We hope to successfully conclude compact negotiations that will allow the Millennium Challenge Account program to begin operating in Sri Lanka. The government’s MCA proposal includes infrastructure in irrigation, rural electrification, rural roads and small and medium enterprise development.
Mahinda Chintana raises the issue of promoting rural-growth, something that is needed if the country as a whole is going to prosper in the years ahead. You can’t allow growth to leave huge segments of the population behind. Nonetheless, a focus on “home grown” solutions, that ignores the lessons learned of the global community and that fails to take advantage of what we in the US call OPM – “other people’s money” – will only lead to further stagnation and continued growth far below its potential.

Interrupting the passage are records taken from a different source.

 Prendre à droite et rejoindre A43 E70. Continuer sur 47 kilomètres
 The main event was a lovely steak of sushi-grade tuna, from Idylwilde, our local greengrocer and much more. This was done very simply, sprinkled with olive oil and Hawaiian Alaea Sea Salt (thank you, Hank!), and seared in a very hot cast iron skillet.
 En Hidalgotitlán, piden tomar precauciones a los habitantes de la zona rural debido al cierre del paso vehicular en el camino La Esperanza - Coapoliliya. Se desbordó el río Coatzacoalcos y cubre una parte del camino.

What are some things that would get things moving faster for Sri Lanka? I strongly believe that one of the main opportunities for Sri Lanka lies in the successful conclusion of the WTO’s Doha Round in 2006. Sri Lanka is a trading nation that has an opportunity to play a leading role in promoting the resolution of outstanding issues and help the developing countries of the world understand the benefits to opening up what has been termed “south-south” trade.

Instead of looking at market access for Sri Lankan products as a type of development assistance Sri Lanka should look at the major benefits that accrue by opening its markets, opening markets in other countries and spurring a broader, more diverse set of trading partnerships. Sri Lanka is at a tricky point in its history. It’s not clear if it is at a crossroads, or a cliff’s edge.

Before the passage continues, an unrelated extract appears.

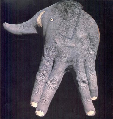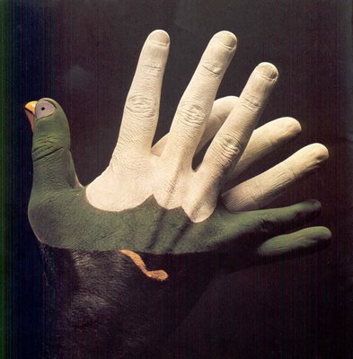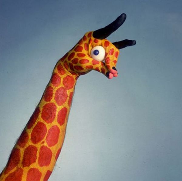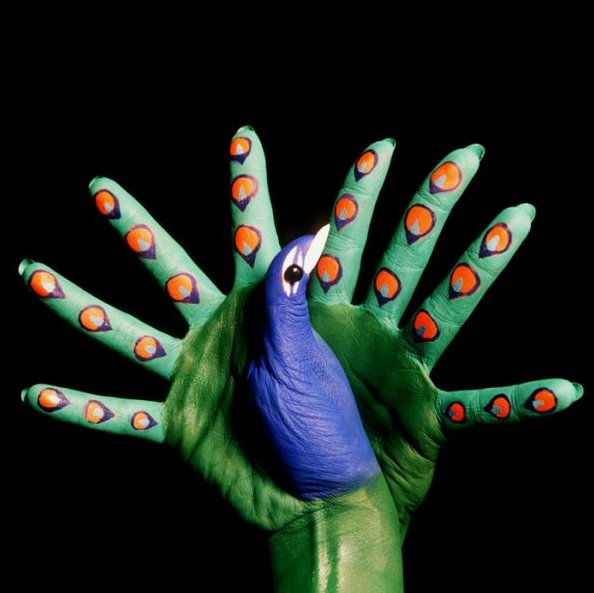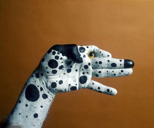 Elefantes, cebras, águilas, flamencos, jirafas, serpientes, gallinas, gatos, conejos, cisnes, tucanes, pavos reales, perros, tigres, leopardos y demás felinos aparecen retratados empleando manos, aparte de otras figuras, como jugadores de fútbol, pianistas, corredores de atletismo o directores de orquesta. Toda una variedad al alcance de la imaginación y el buen saber hacer de la pintura.

The US will continue to support a strong, unified Sri Lanka that seeks peace and prosperity and that offers an atmosphere of respect and justice for all citizens regardless of religion and race. We will urge others in the International Community to do the same.

I see the role of the business community and other civil society players as critical in these endeavors. But the business community has a key role, because your initiatives and your penchant for risk-taking, decision-making and negotiating are all areas that the government will need to advance if the cause of peace and prosperity is to be served.